### Your task
Retype every line from the start of the data down to and including the line with "Modern Sofa 3-Seat". Skip the pictures.

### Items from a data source
○ ○ ○

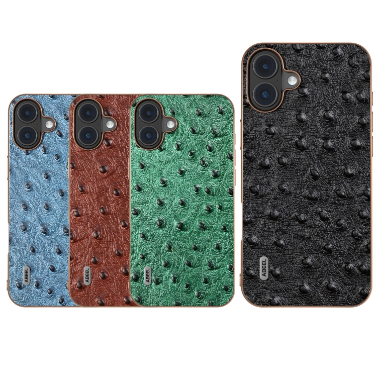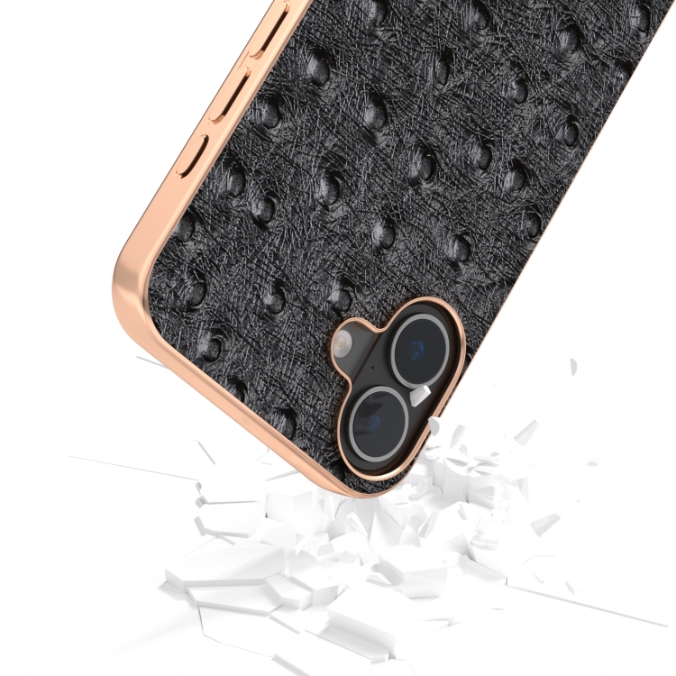 Funda para Teléfono Abeel iPhone 16 Plus Cuero Genuino Textura Avestruz Marco Galvanizado (Negro)
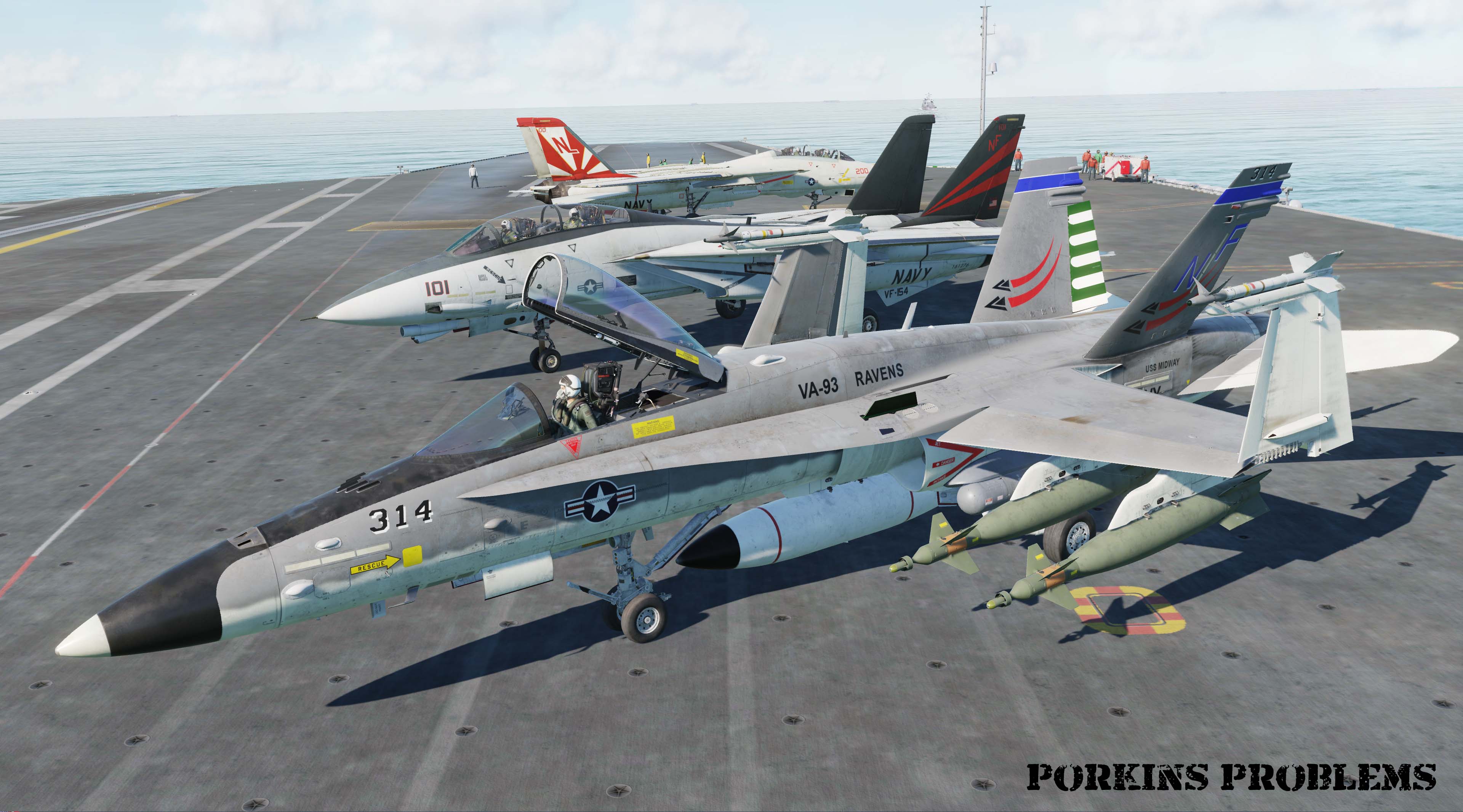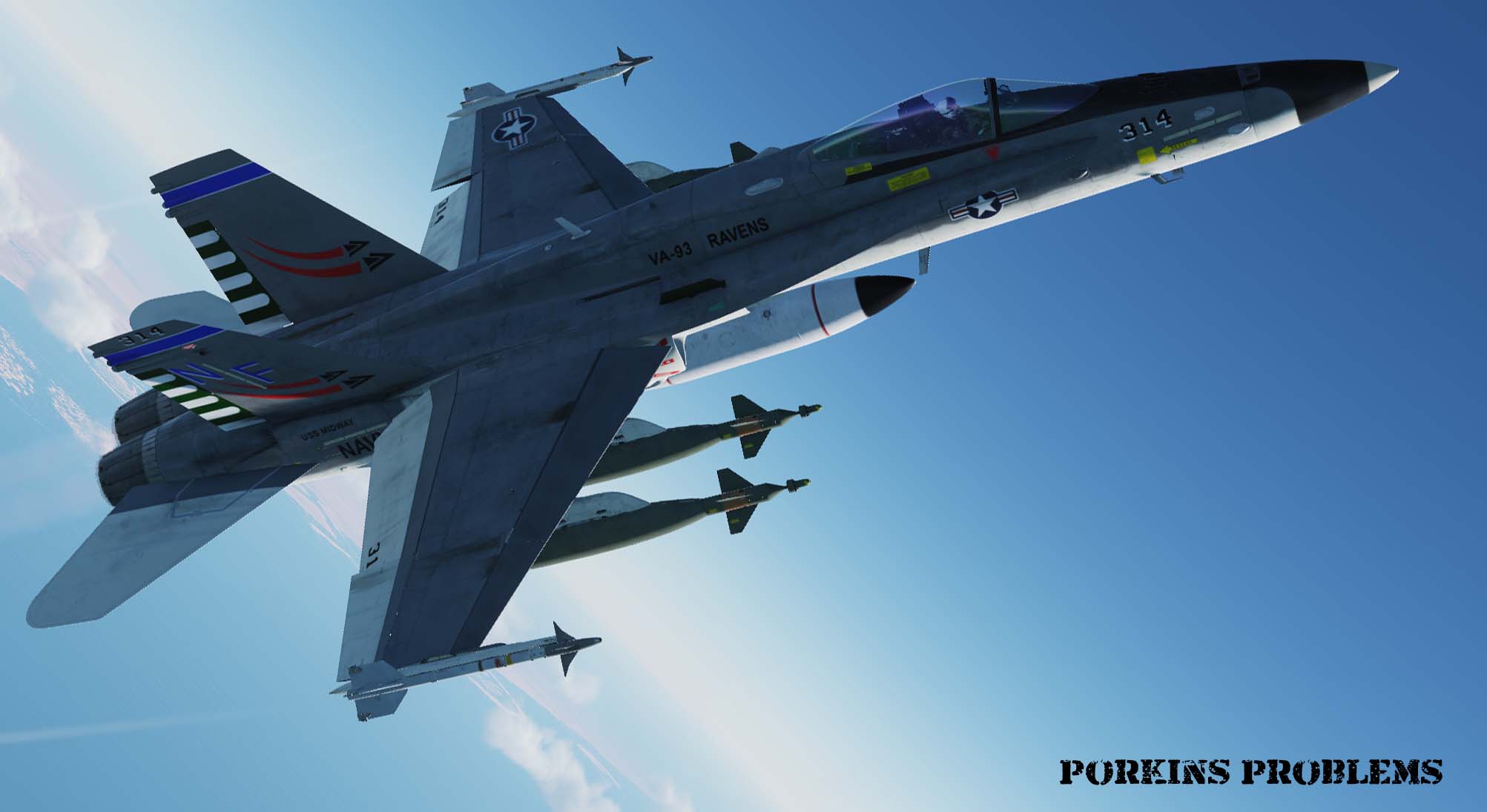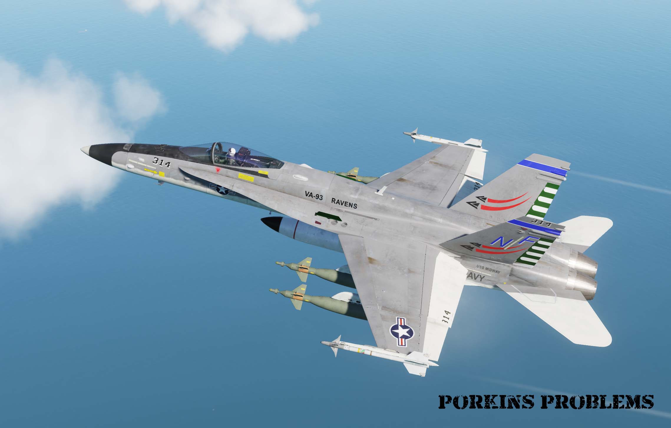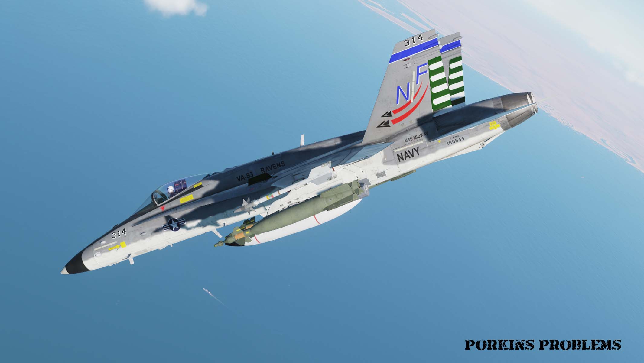 F/A-18C skin in the old 1970s schemes as seen on old A-7E Corsair II.  This one is is for the disestablished VA-93 Ravens.
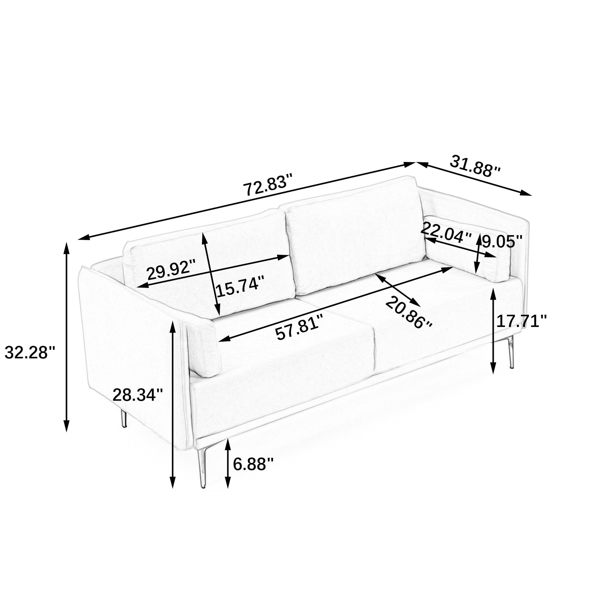 Modern Sofa 3-Seat Couch with Stainless Steel Trim and Metal Legs for Living Room, Linen Beige
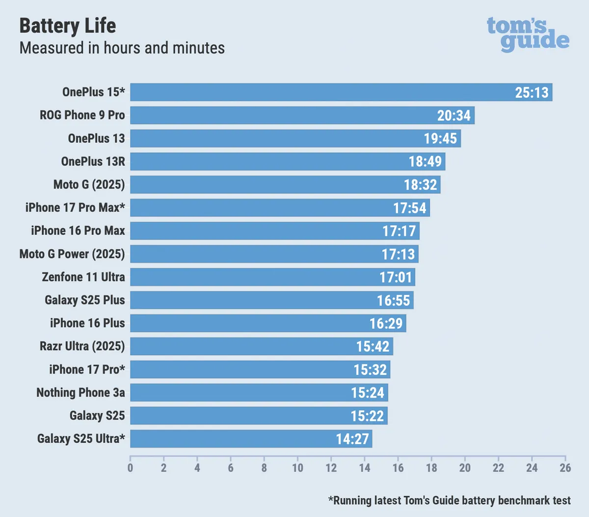 A jak tedy vše dopadlo? Ve stručnosti si zde uveďme, jaká byla výdrž mobilů z testu Tom’s Guide:
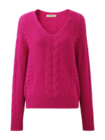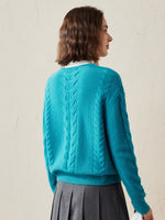 100% Cashmere Women's Cable Knit V-Neck Sweater
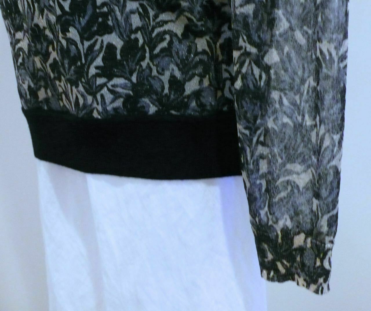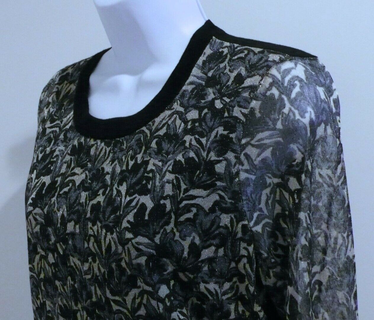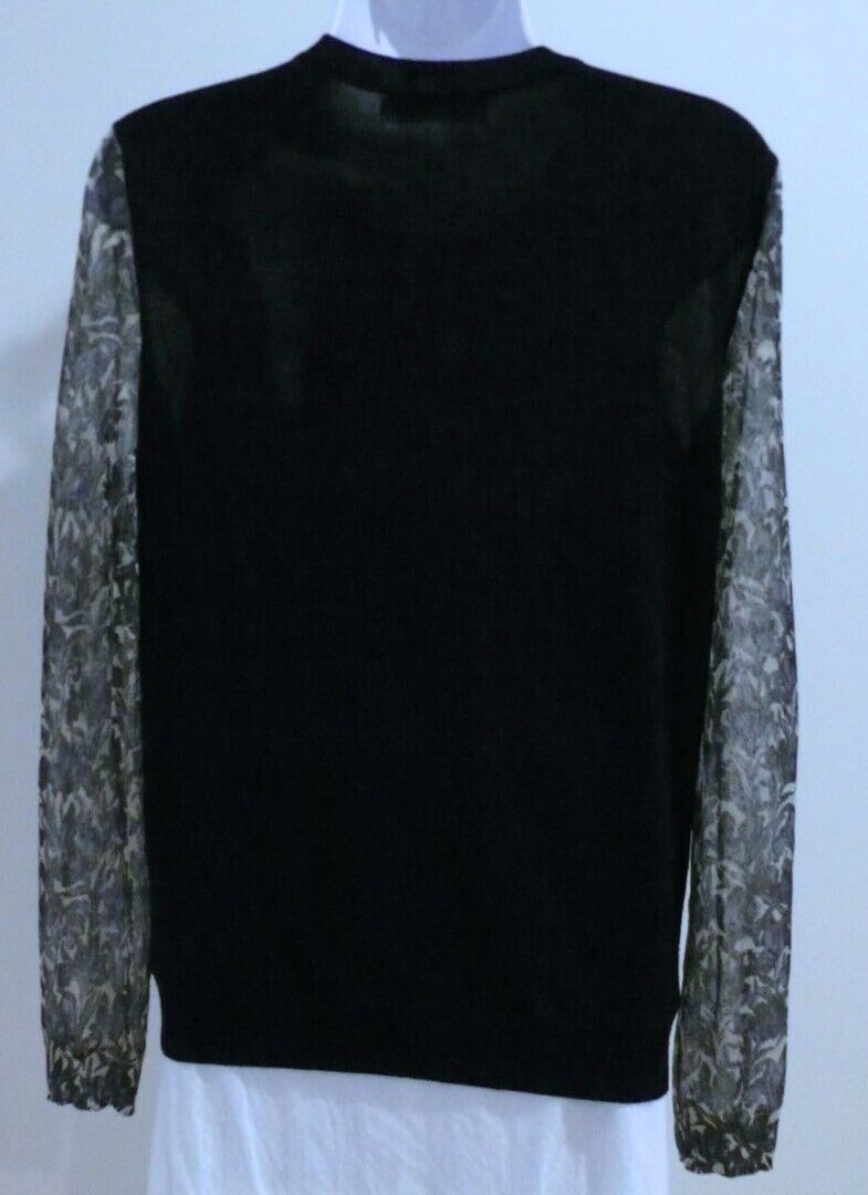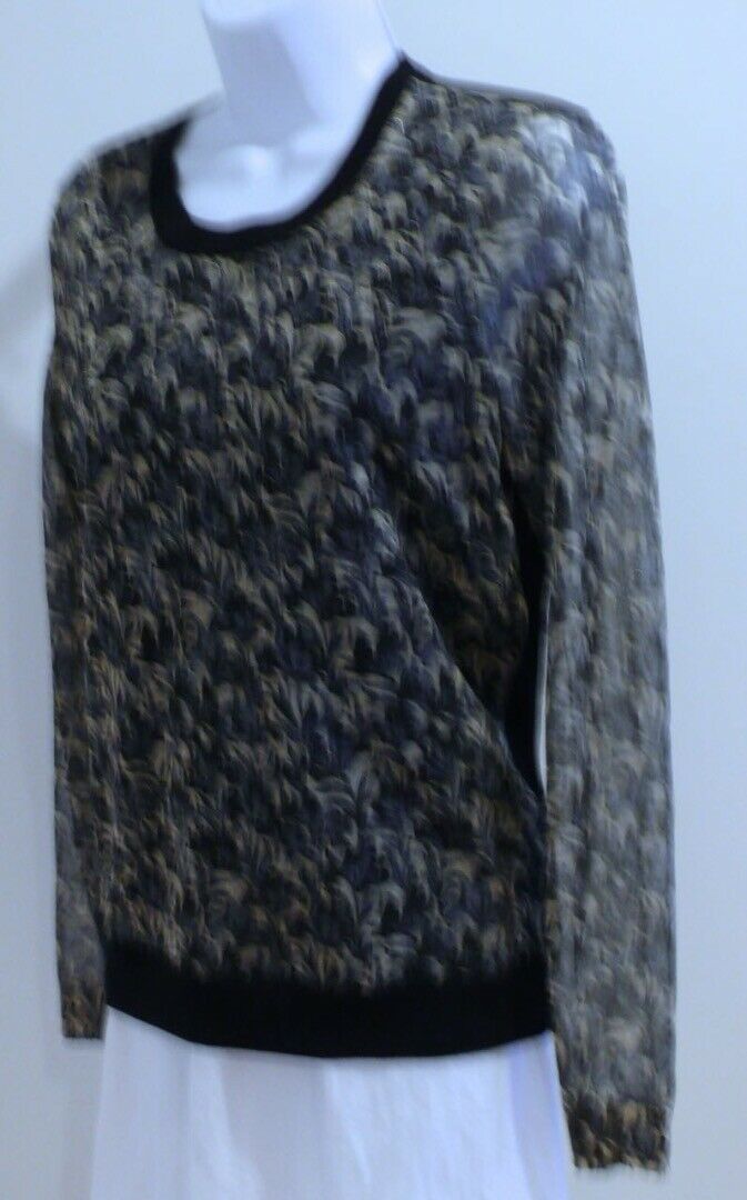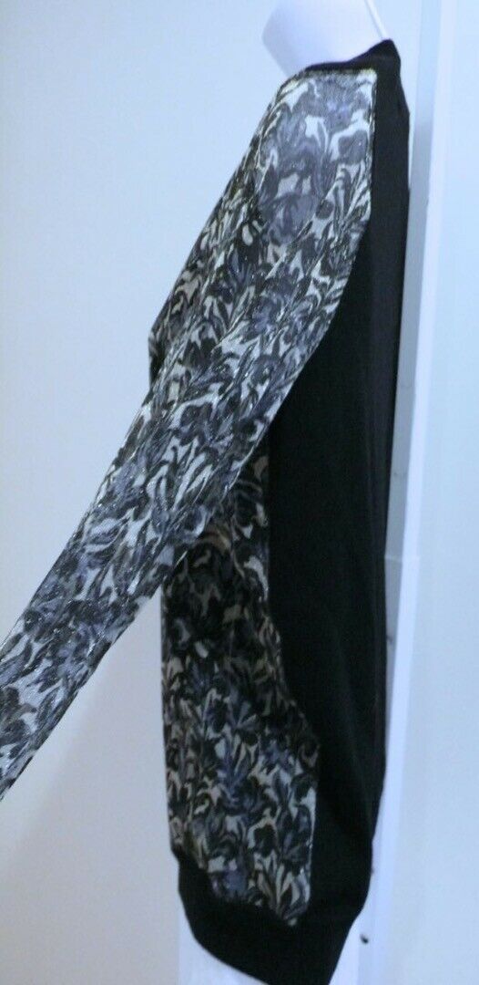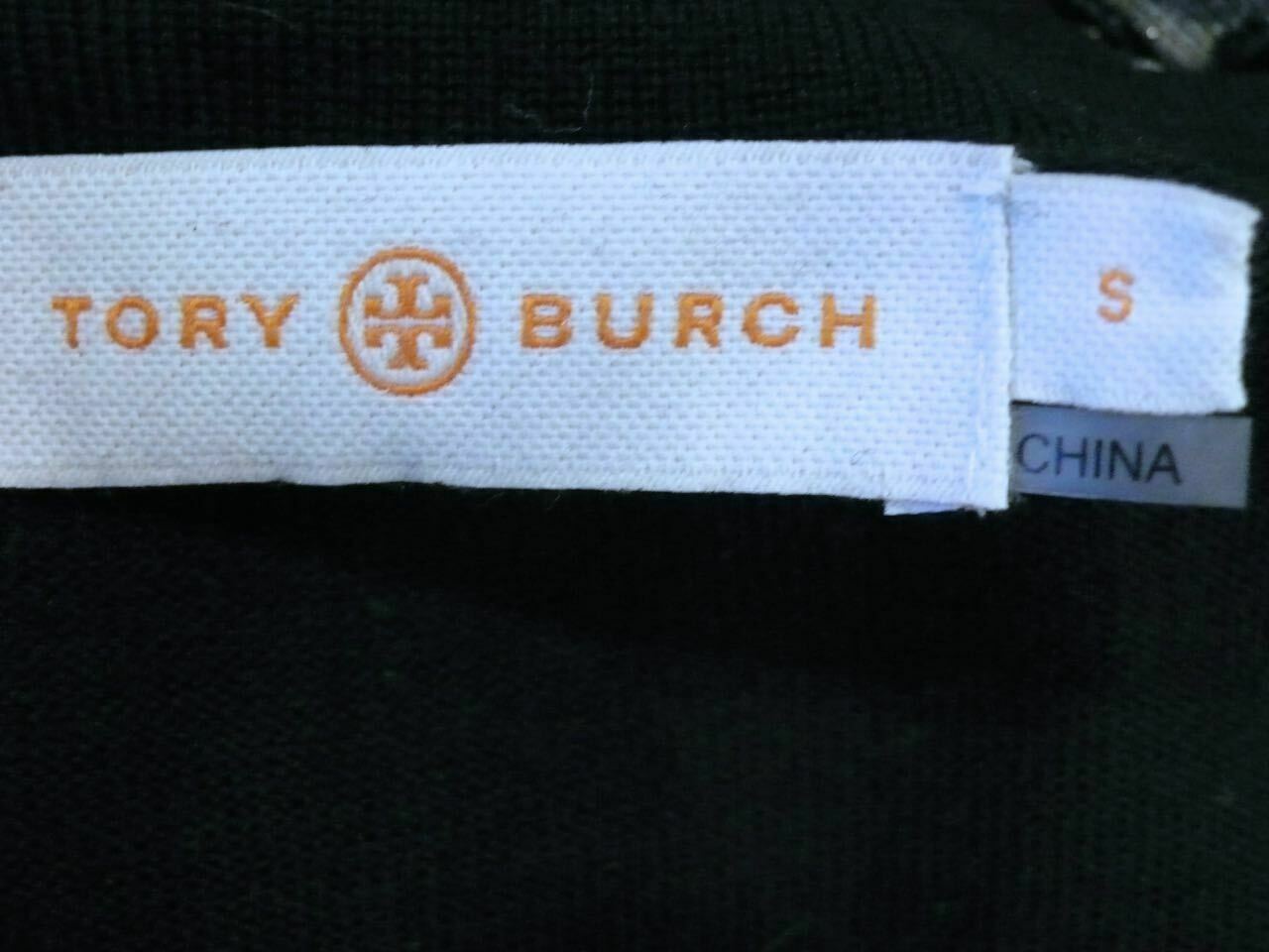 TORY BURCH Women’s Navy Gold Metallic Print Front Merino Wool Sweater Sz S

○ ○ ○

### Written answer
 Funda para Teléfono Abeel iPhone 16 Plus Cuero Genuino Textura Avestruz Marco Galvanizado (Negro)
 F/A-18C skin in the old 1970s schemes as seen on old A-7E Corsair II.  This one is is for the disestablished VA-93 Ravens.
 Modern Sofa 3-Seat Couch with Stainless Steel Trim and Metal Legs for Living Room, Linen Beige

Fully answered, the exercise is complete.